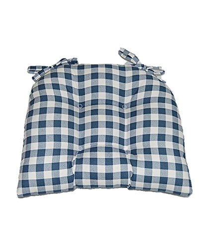 -. Title : Indoor Cotton Blue Plaid Country Checkerboard / Checkered Fabric Tufted Cushion Pad with Ties for Kitchen / Dining Chair - Select Size
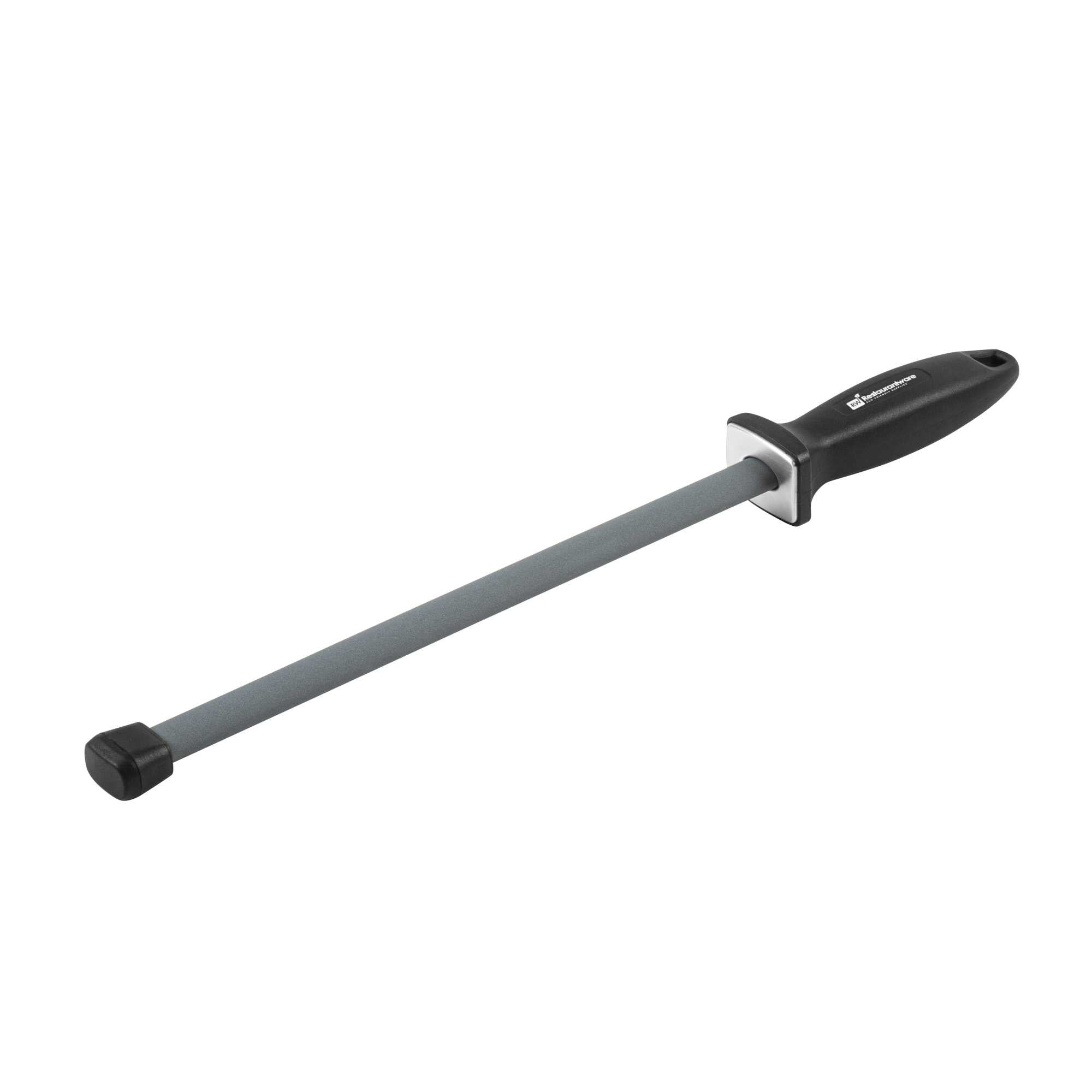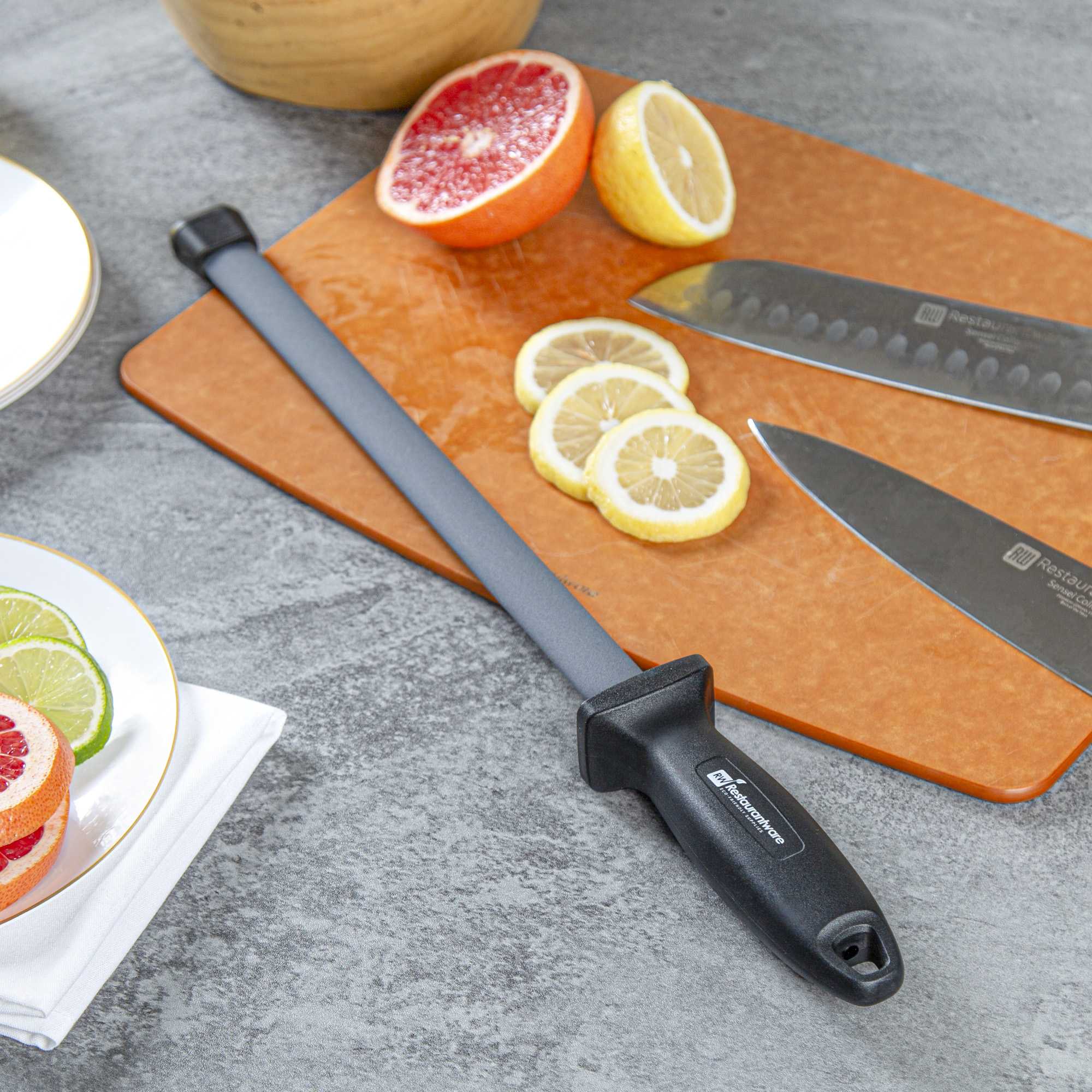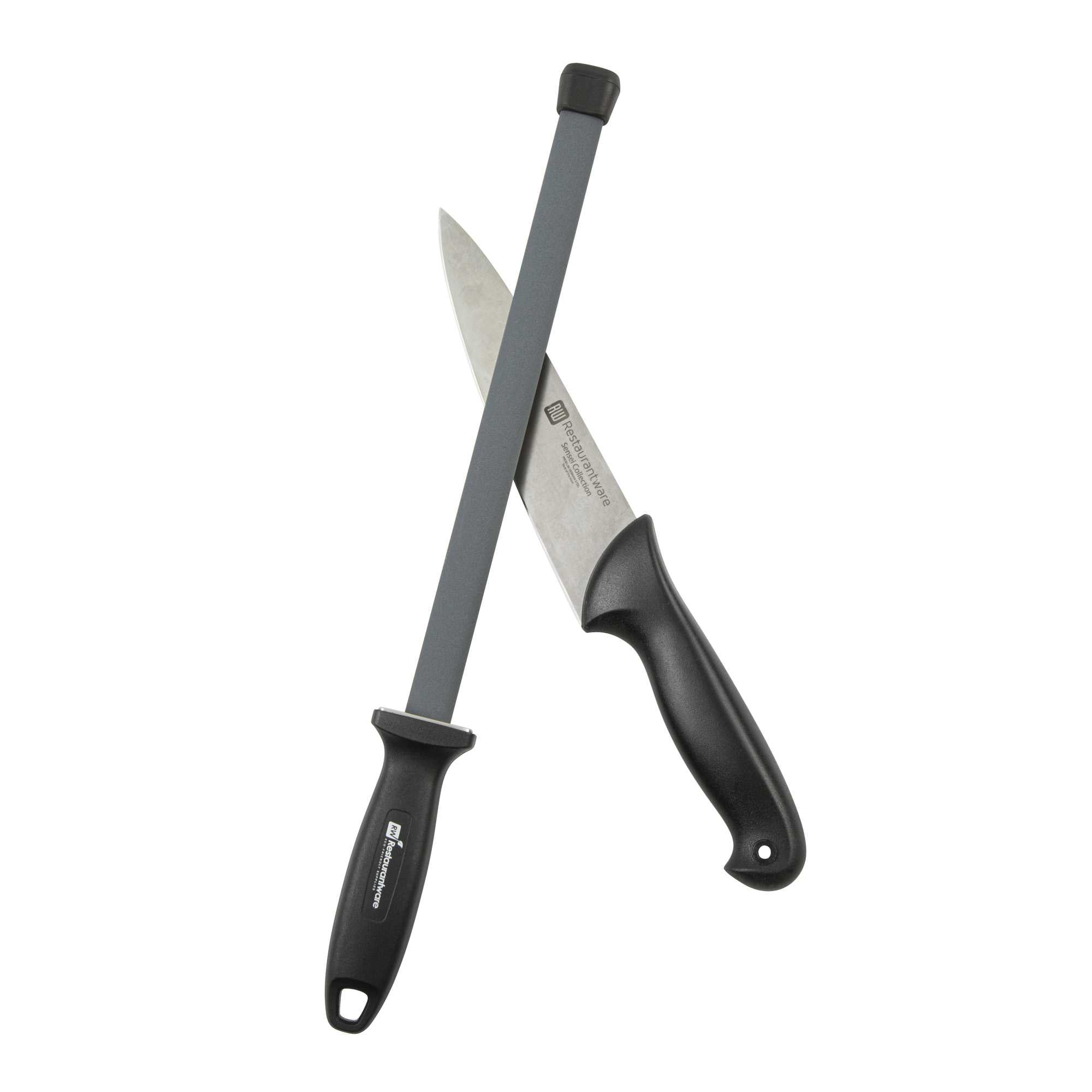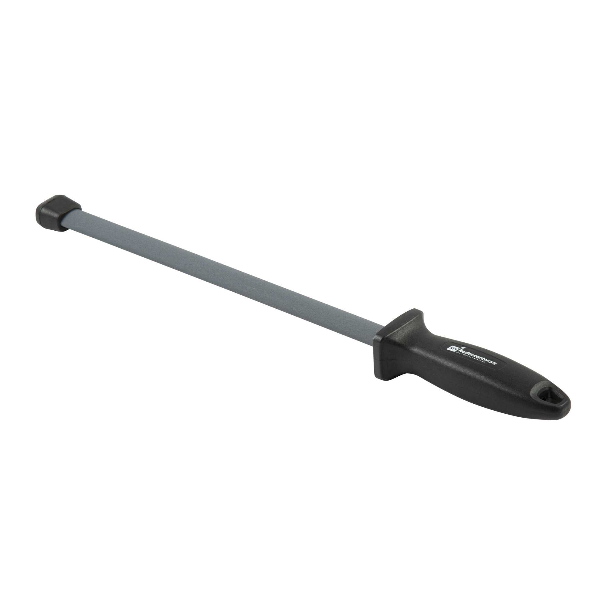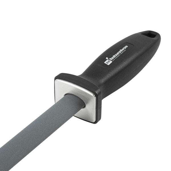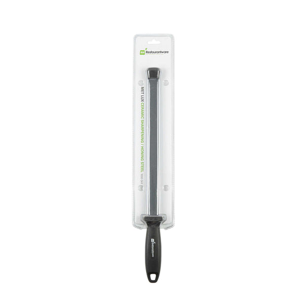 Keep your collection of kitchen knives sharp using our Met Lux Black Ceramic Sharpening / Honing Steel. Crafted with high-quality ceramic, this honing steel polishes knives down until smooth, without shaving off bits of metal. The surface of this sharpening steel is grooved, making it ideal for maintaining and restoring a knife's edge. The durable ceramic construction of this honing rod is made to withstand vigorous use and is extremely durable to resist sharpening tough steel knives. Designed with a built-in nylon handle, this honing steel offers a comfortable and firm grip while sharpening knives to avoid any dangerous accidents. The stopper at the end of the honing rod absorbs shock and provides balance on surfaces while honing knife edges. Made with a chic all-black finish, this honing steel perfectly matches the rest of your commercial kitchen tools. The sharpening blade of this sharpening steel measures 12 inches long while the total length is 17.5 inches long. Shipped in a 1 count box.
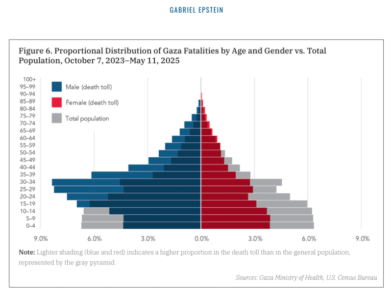 В отчете Института WINEP (авторство Габриэля Эпштейна) за май 2025 приведено детальное распределение статистики погибших по полу и возрасту в сравнении с общей статистикой населения.
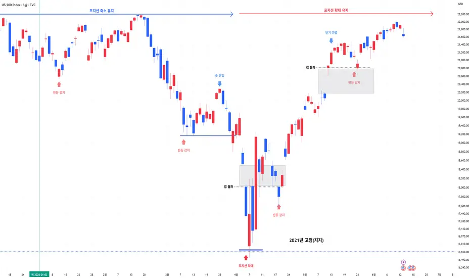 * 지난 4월 급락 구간에서 2021년 고점을 지지 받으며 포지션 확대 시그널이 발생
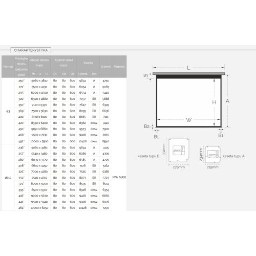 ○ Szerokości 700-800cm kaseta typu B (332x279mm), wałek nawojowy ∅ 200mm,
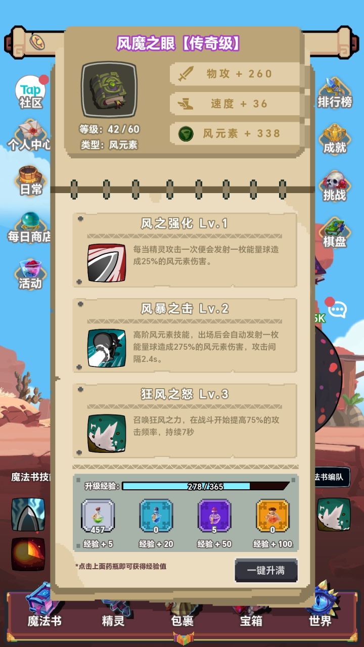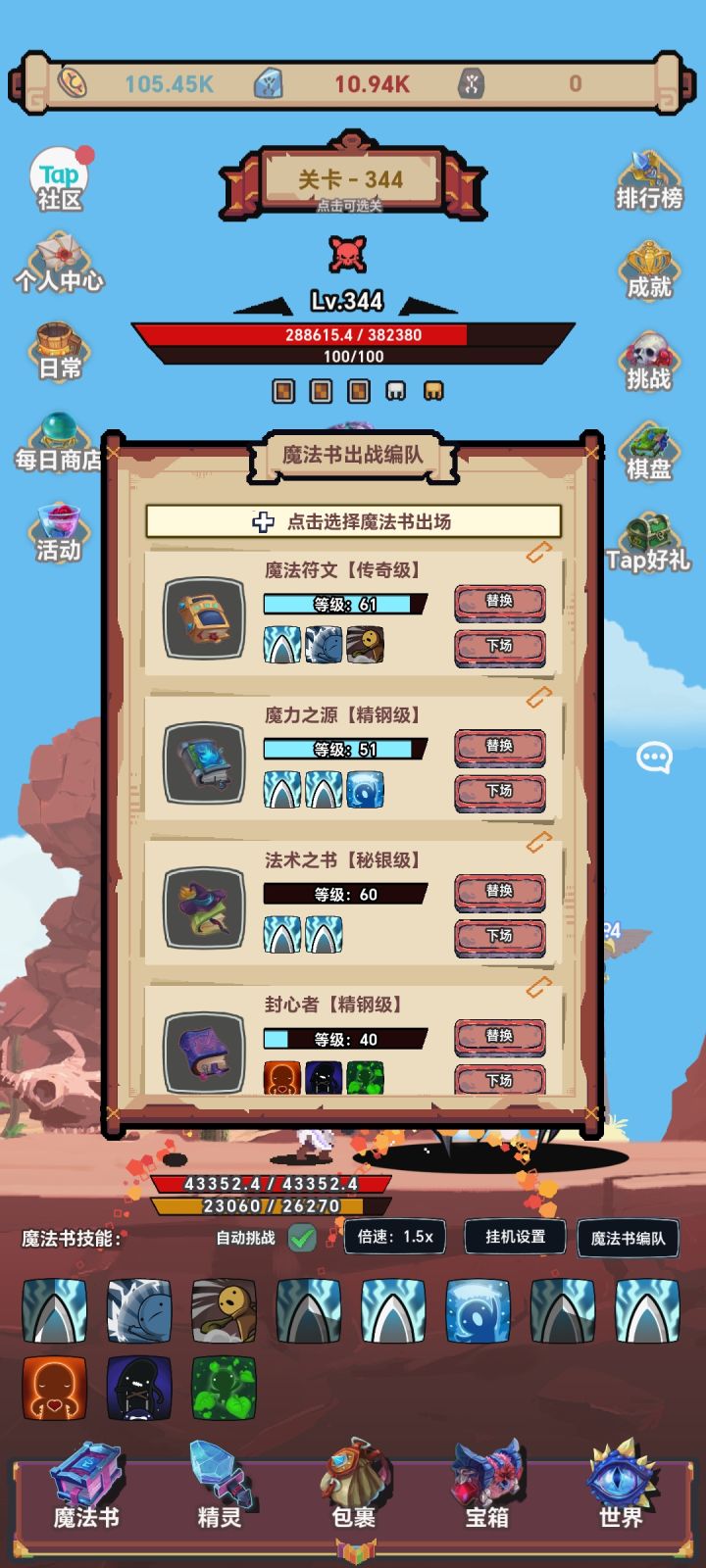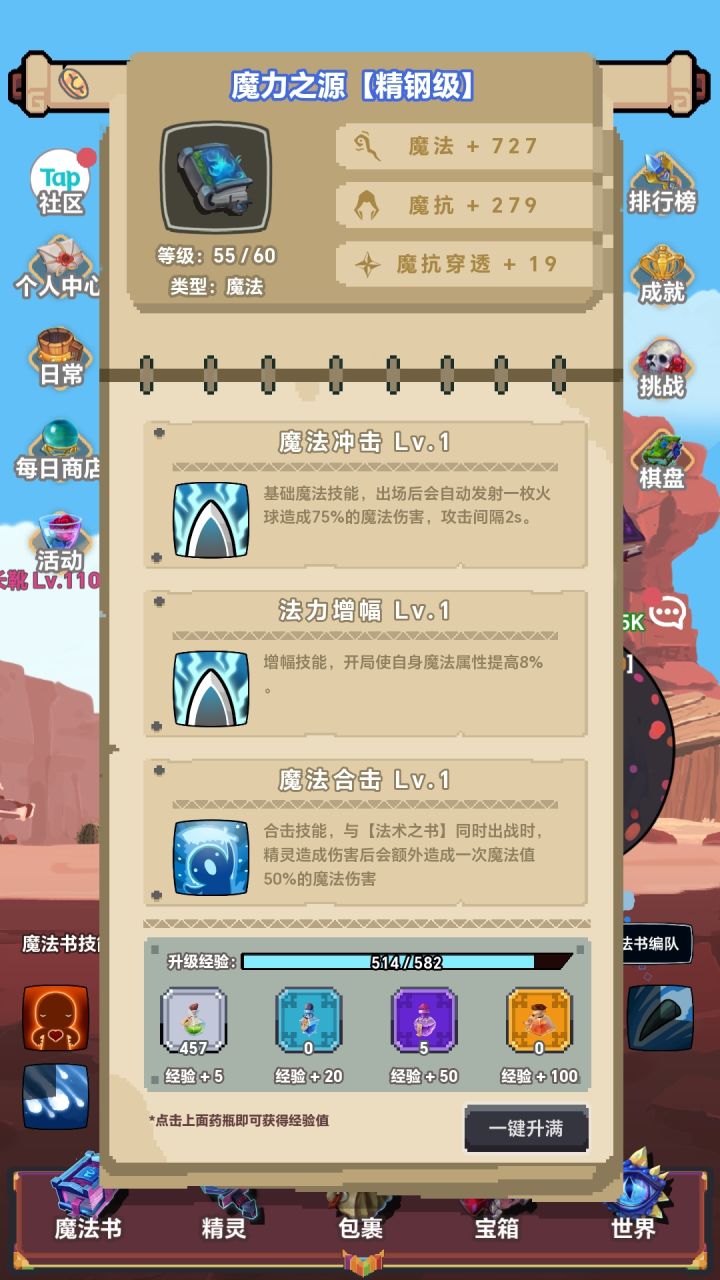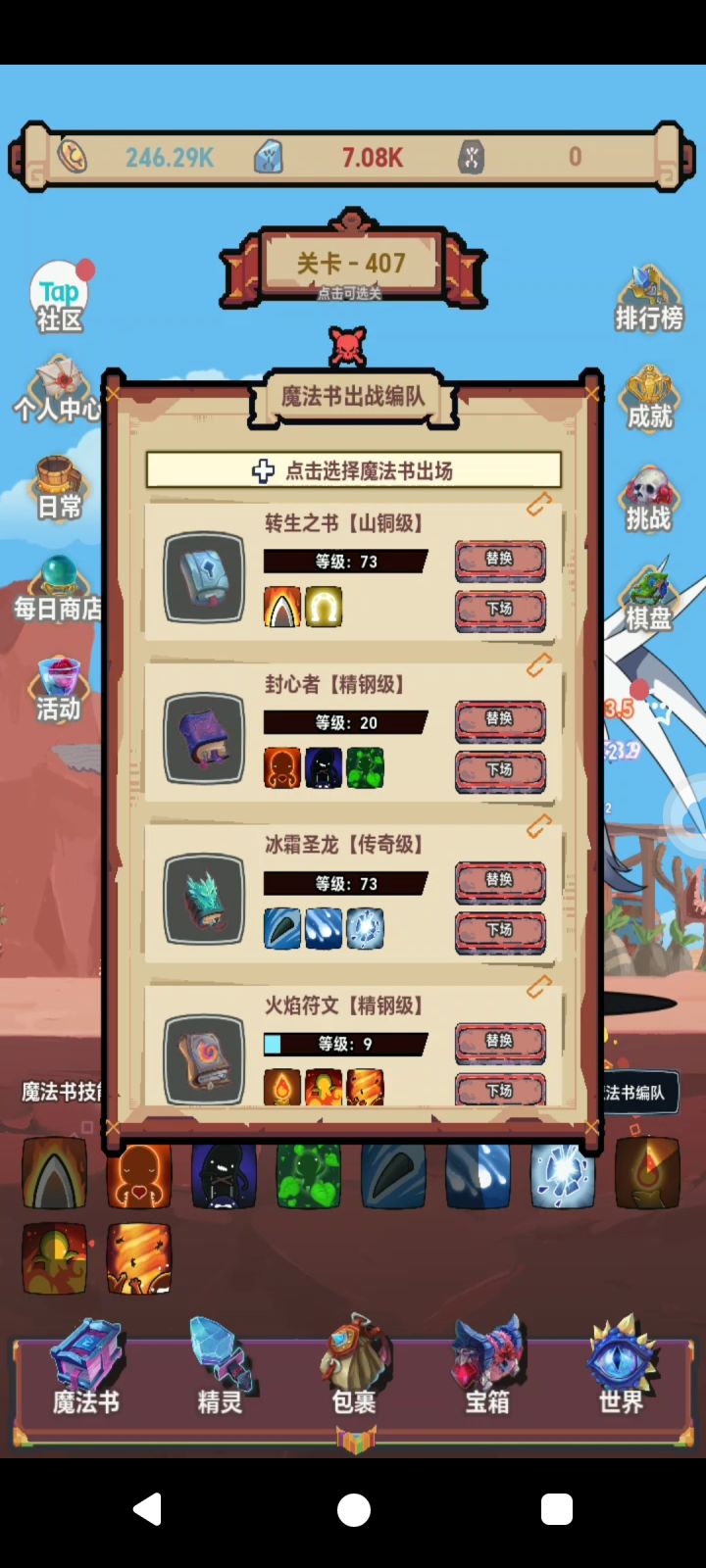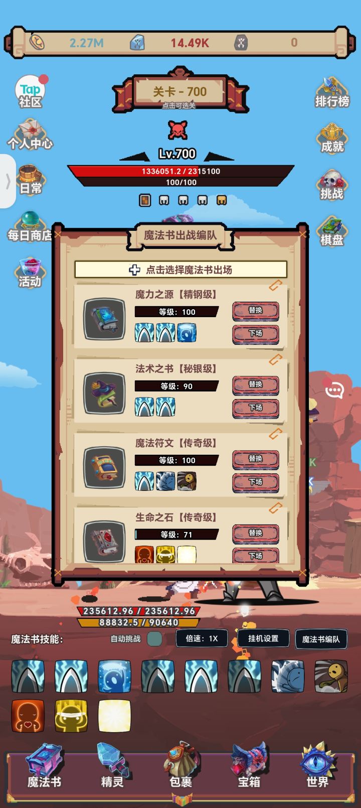 作为一个要那么久踩坑那么久的萌新,我要告诉大家我踩过的坑。 圣物看清楚上限有几个,随着等级提高会增加,千万不要选多,选多了不出来还会把格子吃了导致少一个圣物,还会打乱圣物的节奏甚至重选(我的4W多砖石QAQ) 魔法书的属性不用上场,升级就有了,优先升级旅行日记,但是不用上场,等级跟魔法书技能没有关系 打600级BOSS才开始需要选抗暴 万能石够当前用就好,不比多买。 攻速收益很低,不用特
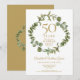 Med en elegant skogsinspirerad grönskekrans är denna snygga botaniska överraskningsfest-inbjudan till 50-års bröllopsdag personliggjord med din speciella information om guldjubileum. Baksidan har en matchande krans som ramar in jubileumsdatum i elegant vit text på guld bakgrund. Designad av Thisisnotme
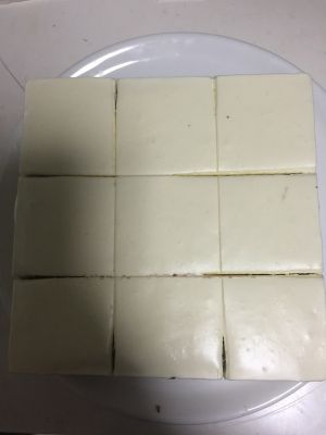 冷藏好后取出切成九分,每切一刀时将刀刃擦干净再切下一刀。
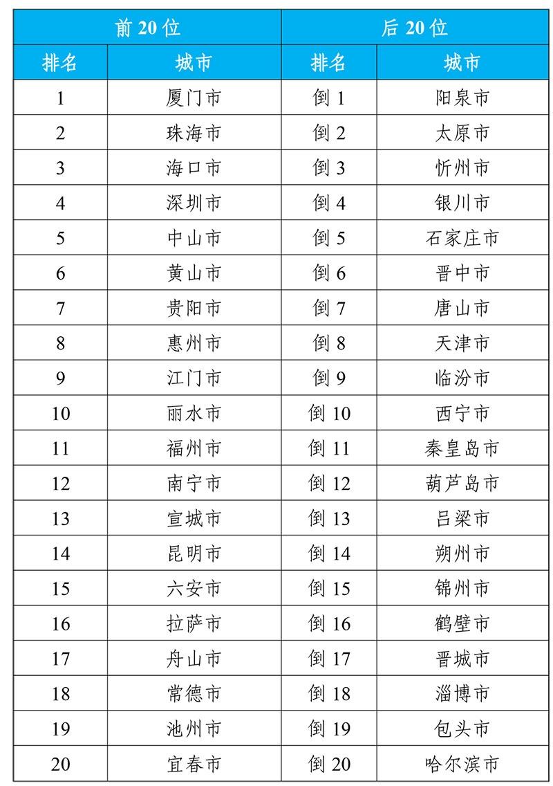 2024年7月168个重点城市空气质量排名前20位和后20位城市名单

+++

▸ **Exercise requirements**:
The output consists of exactly the lines from the one containing "冷藏好后取出切成九分,每切一刀时将刀刃擦干净再切下一刀。" through the last line of the listing, both included, with no pictures.

▸ **Response to this exercise**:
 冷藏好后取出切成九分,每切一刀时将刀刃擦干净再切下一刀。
 2024年7月168个重点城市空气质量排名前20位和后20位城市名单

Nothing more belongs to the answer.